17.4 Sharing data
Sharing your data requires a few steps. First, before entering any data, you will need to request an ID from the PEcAn developers. Simply open an issue at github and we will generate an ID for you. If possible, add the URL of your data host.
You will now need to synchronize the database again and use your ID. For example if you are given ID=42 you can use the following command: MYID=42 REMOTEID=0 ./scripts/load.bety.sh
. This will load the EBI database and set the ID’s such that any data you insert will have the right ID.
To share your data you can now run the dump.bey.sh. The script is configured using environment variables, the following variables are recognized:
- DATABASE: the database where the script should write the results. The default is bety
.
- PG_OPT: additional options to be added to psql (default is nothing).
- MYSITE: the ID of your site. If you have not requested an ID, use 99, which is used for all sites that do not want to share their data (i.e. VM). 99 is the default.
- LEVEL: the minimum access-protection level of the data to be dumped (0=private, 1=restricted, 2=internal collaborators, 3=external collaborators, 4=public). The default level for exported data is level 3.
- note that currently only the traits and yields tables have restrictions on sharing. If you share data, records from other (meta-data) tables will be shared.
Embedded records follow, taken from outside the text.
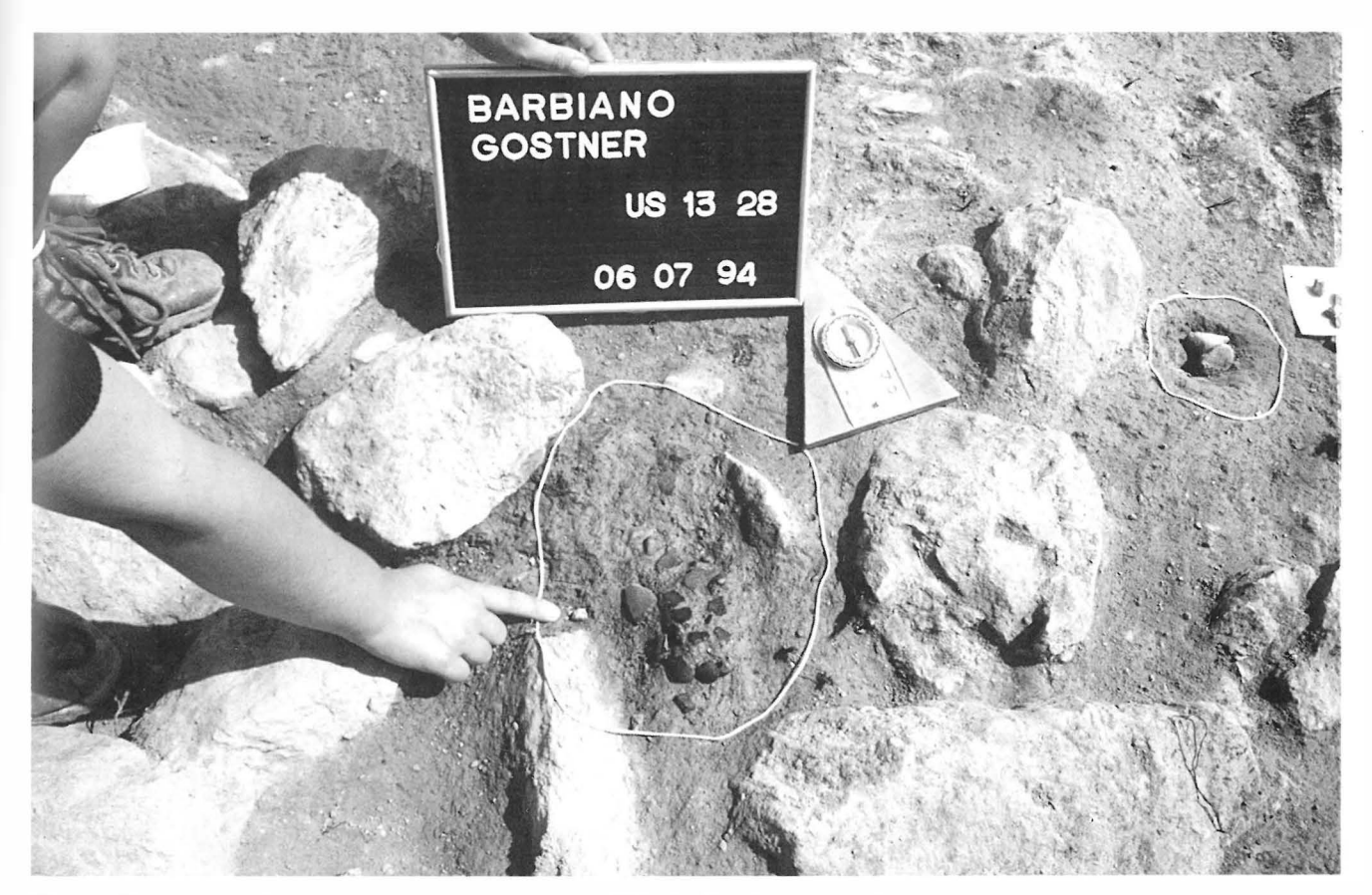
Fig. 2 - The aspects of some of the grave pits found still including their contents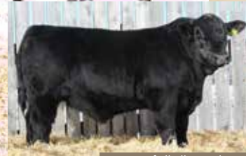
full sib to dam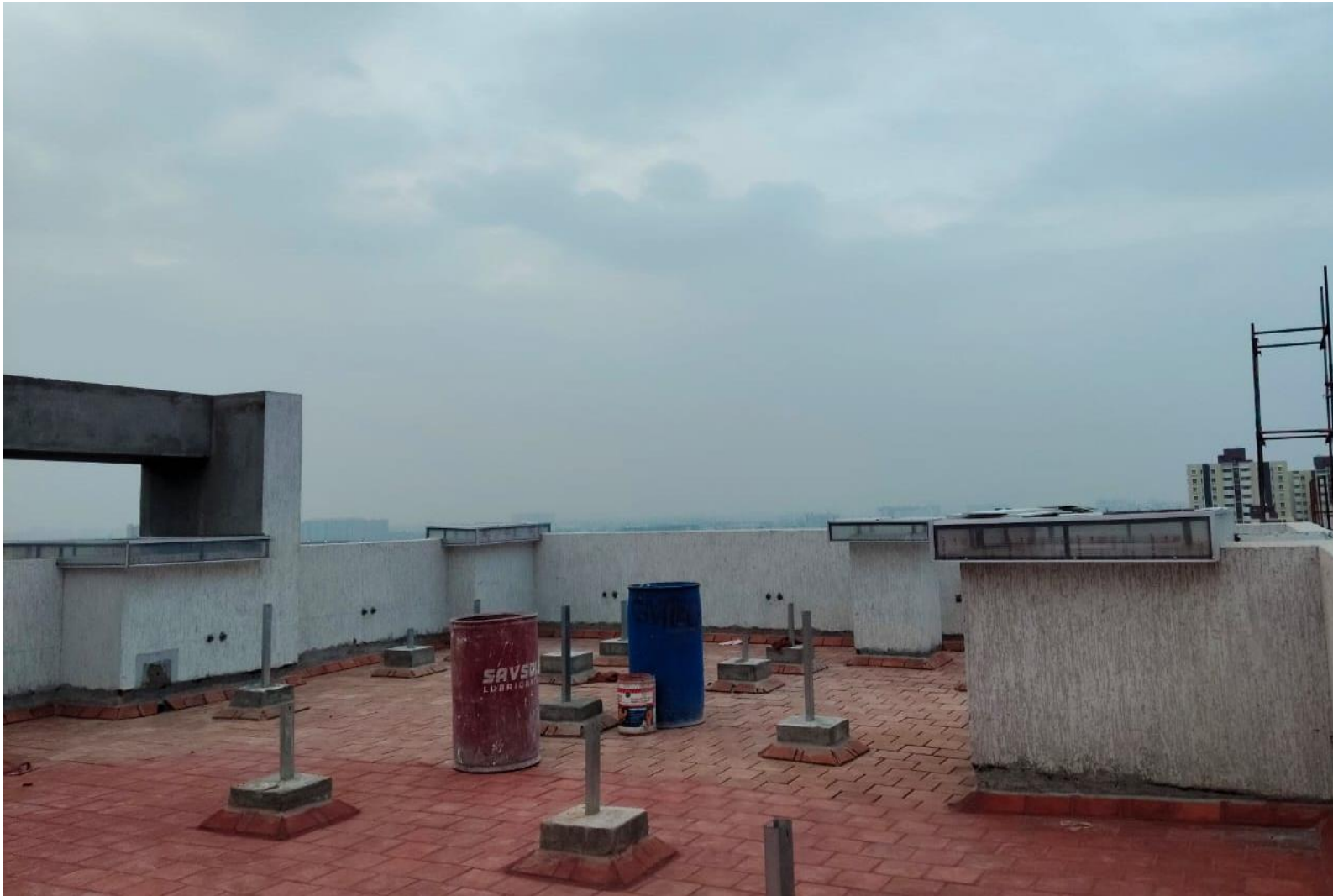
BLOCK 1 – TERRACE OTS COVERING WORK IN PROGRESS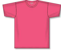
A1800 - Pink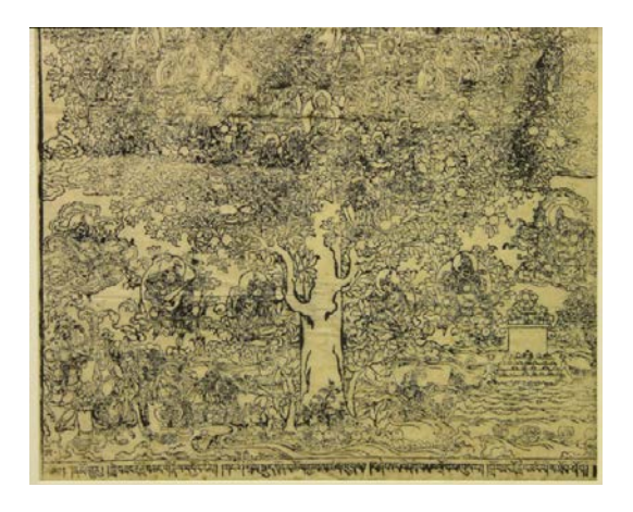
Fig. 6: Lower classes of deities and inscription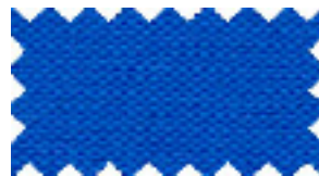
SAIL BLUE 3863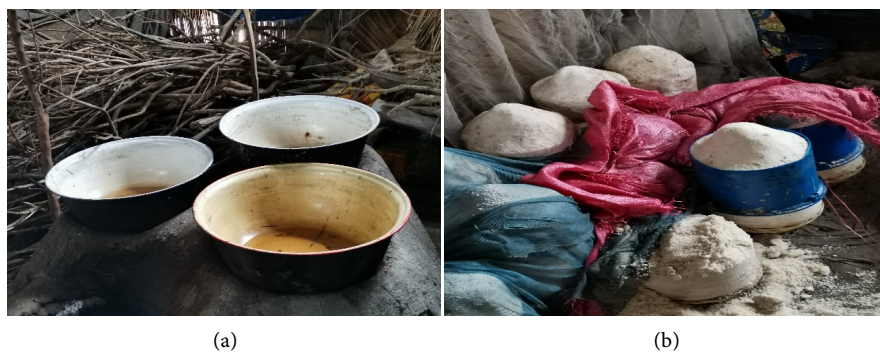
Figure 4. Photographs of salt fire-crystallized utensils (a) and a bundle of crystallized salt, ready to be sold (b). These photographs portray the poor hygienic conditions of traditional table salt harvesting in Republic of Benin.

The table salt production technic that massively contributes to the mangrove destruction in the coastal zone of Benin Republic is the one using fire wood as source of energy to evaporate the brine. From Table 1 , 82.20% of table salt producers employ wood from the cutting down of mangrove for several purposes. The leaching baskets used to obtain the brine are made out of mangrove ( Figure 3(a) for empty baskets, and Figure 3(b) for loaded basket). Figure 5 depicts the type of mangrove used to make leaching baskets Figure 5(a) , the basket Figure 5(b) . Mangrove wood is also used to construct the shelters ( Figure 5(c) , Figure 5(d) ) and to evaporate brine ( Figure 5(e) ). A substantial reduction in mangrove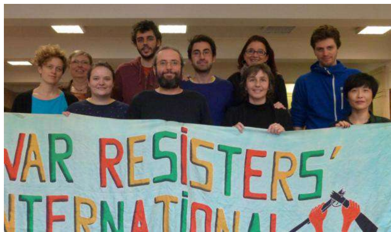
WRI Exec and staff meet in London in February

Executive – this has to be confirmed by the Council meeting in Seoul. As consequence, the Executive has been reduced by one member. It has discussed the need to find a new additional member. While it was felt that there was no extreme urgency and therefore the Exec did not move forward to identify and co-opt a new member, the Exec requests the Council to start a process to identify and elect an additional member, to be elected in Seoul or later either by e-mail or at the 2016 Council meeting. The Exec felt strongly that the person should come from either Latin America or from Africa for reasons of regional balance, and that a Council Listening Committee would be needed to assess and find the right candidate.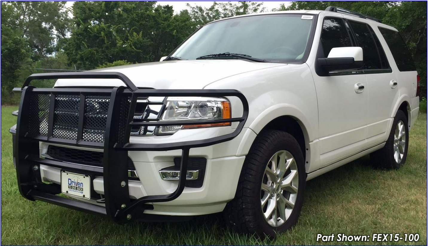
Part Shown: FEX15-100

If you wish to extend the access_level to other tables please submit a feature request.
- UNCHECKED: specifies whether unchecked traits and yields be dumped. Set to YES (all caps) to dump unchecked data. The default is NO.
- ANONYMOUS: specifies whether all users be anonymized. Set to YES (all caps) to keep the original users (INCLUDING PASSWORD) in the dump file. The default is NO.
- OUTPUT: the location of where on disk to write the result file. The default is ${PWD}/dump
.
NOTE: If you want your dumps to be accessible to other PEcAn servers you need to perform the following additional steps
- Open pecan/scripts/load.bety.sh
- In the DUMPURL section of the code add a new record indicating where you are dumping your data. Below is the example for SITE number 1 (Boston University)
elif [ "${REMOTESITE}" == "1" ]; then
DUMPURL="http://psql-pecan.bu.edu/sync/dump/bety.tar.gz"
- Check your Apache settings to make sure this location is public
- Commit this code and submit a Pull Request
- From the URL in the Pull Request, PEcAn administrators will update the machines table, the status map, and notify other users to update their cron jobs (see Automation below)
Plans to simplify this process are in the works